Transferring the case nunc pro tunc would further the judiciary’s policy of "permit[ting] litigants, where possible, to appeal and hear the case on its merits." State by Off. of Consumer Prot. v. Joshua, 141 Hawai‘i 91, 98, 405 P.3d 527, 534 (2017) (citation omit- ted). Now, the circuit court does not have jurisdiction to hear the case on the merits. But allowing it to transfer the case to the court with jurisdiction — this court — will permit the case to be heard on the merits. Otherwise, Honoipu could lose its day in court entirely if the time for filing an appeal is deemed to have expired. Even if the circuit court fashioned a remedy in which the case was dismissed for lack of jurisdiction - but with leave to refile the appeal with the proper court - this court would eventually see all of the same arguments these parties have already made to the circuit court. Thus, the judicially efficient remedy is to transfer the case to this court nunc pro tunc so that we may address the merits questions more expeditiously.

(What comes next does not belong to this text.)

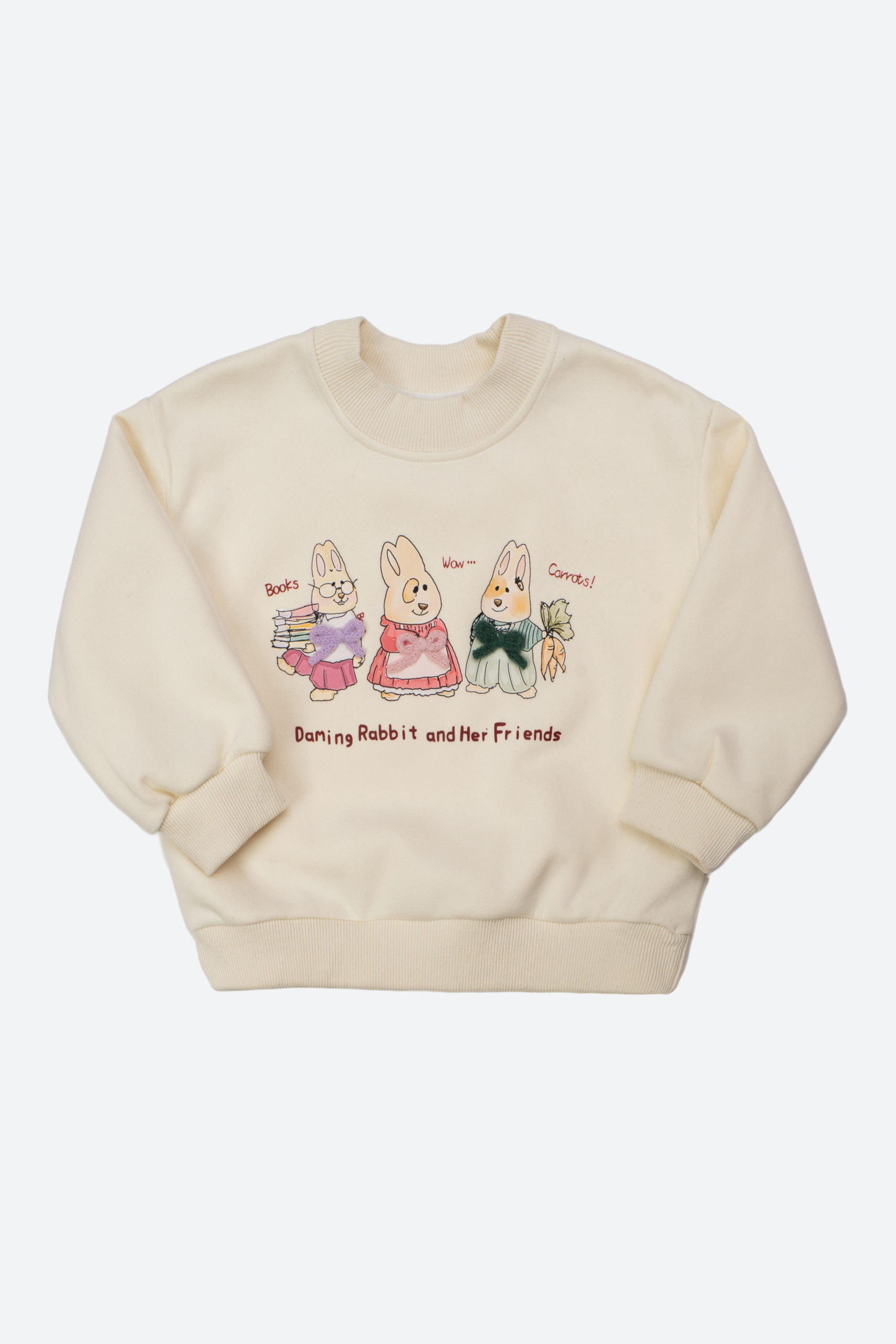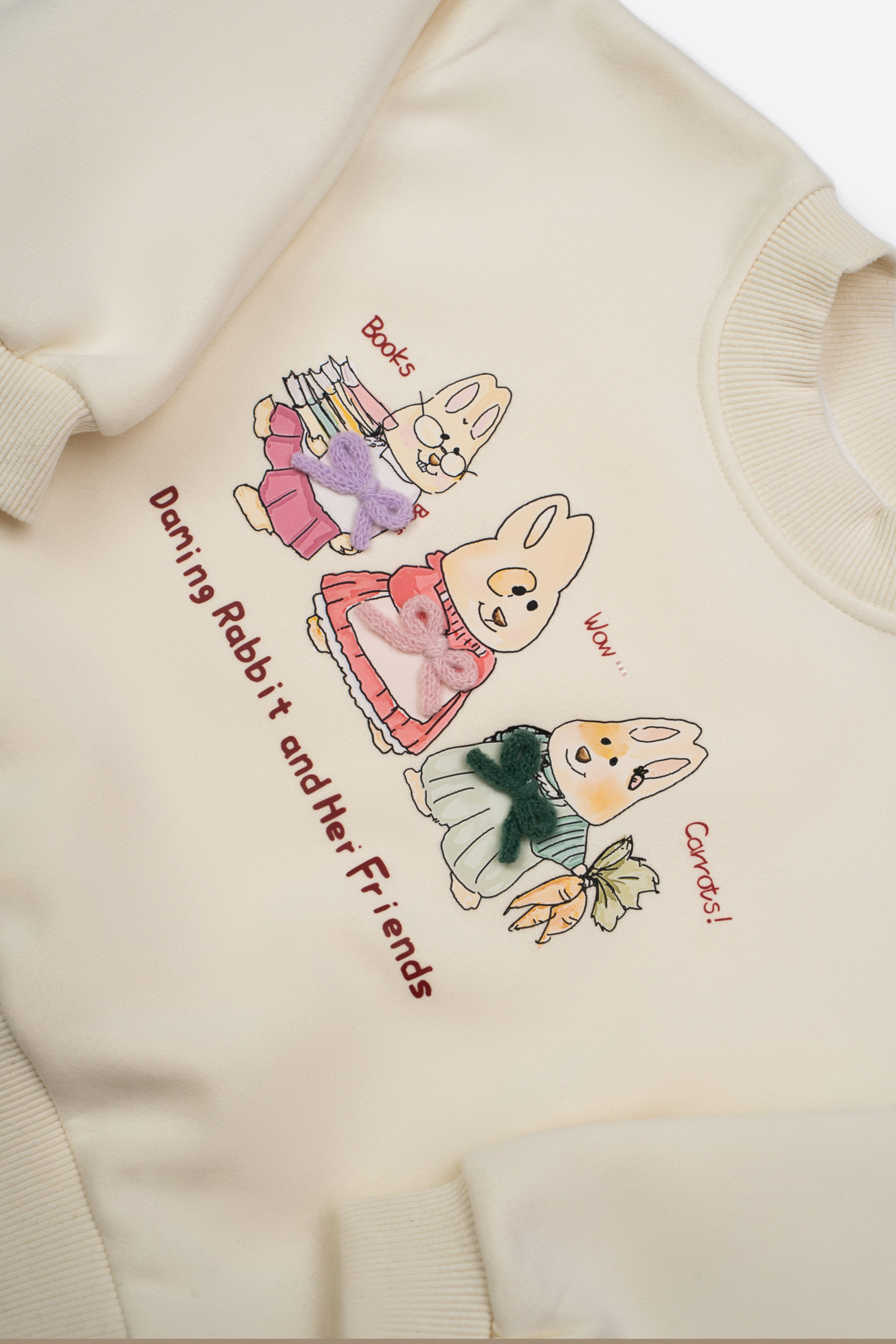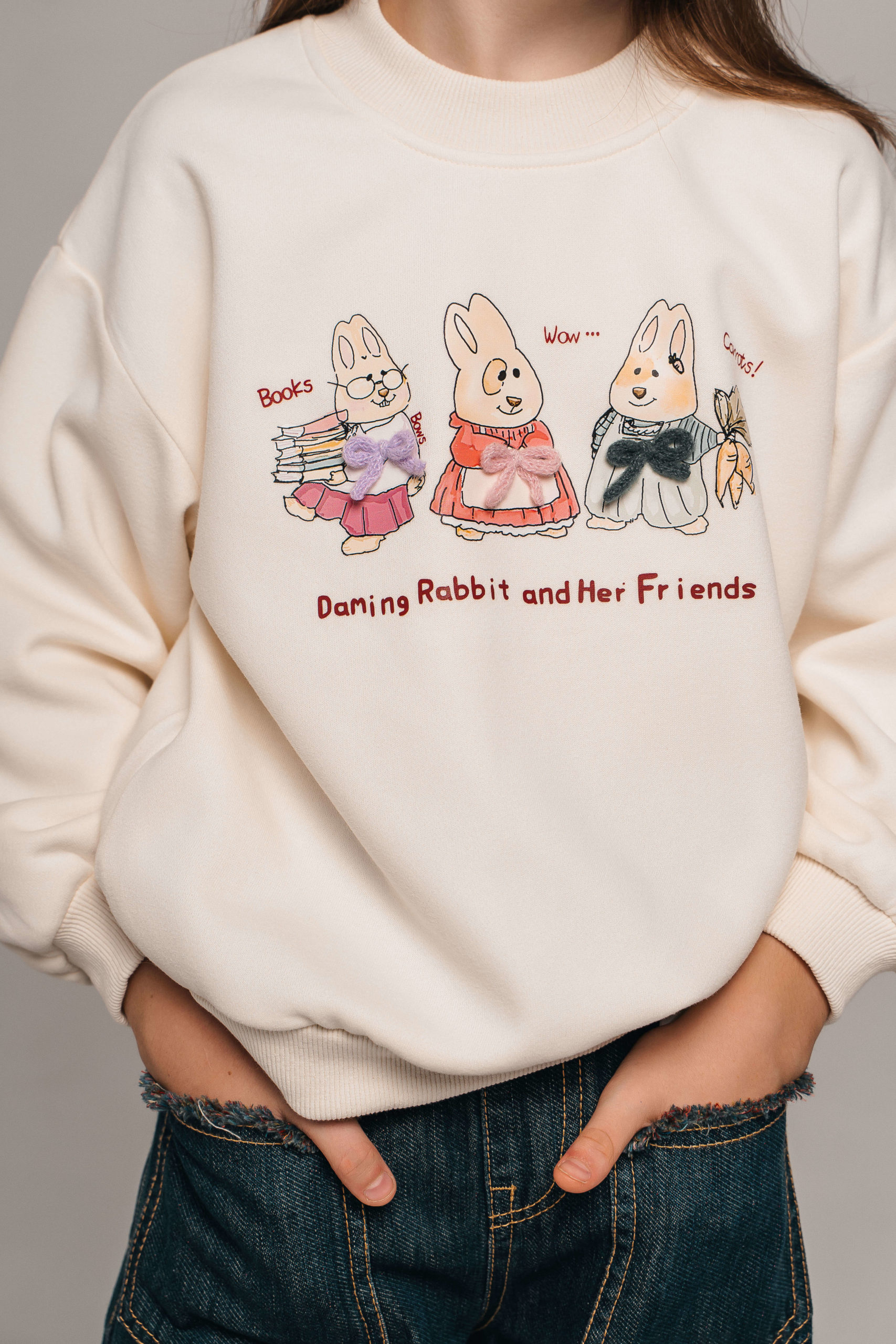 Мягкий и уютный свитшот с милым принтом трёх зайчат в разных образах.Украшен объёмными вязанными бантиками, которые добавляют фактуры.

Answering yes to this reserved question is not a license to transfer any case from the circuit court to our court. Rather, in this limited circumstance, in which jurisdiction was proper when the appeal was originally filed, but the parties’ understanding of jurisdiction shifted following a decision from an appellate court, transfer to perfect jurisdiction is appropriate.
V. CONCLUSION
For the reasons described above, the answer to the reserved question is "Yes."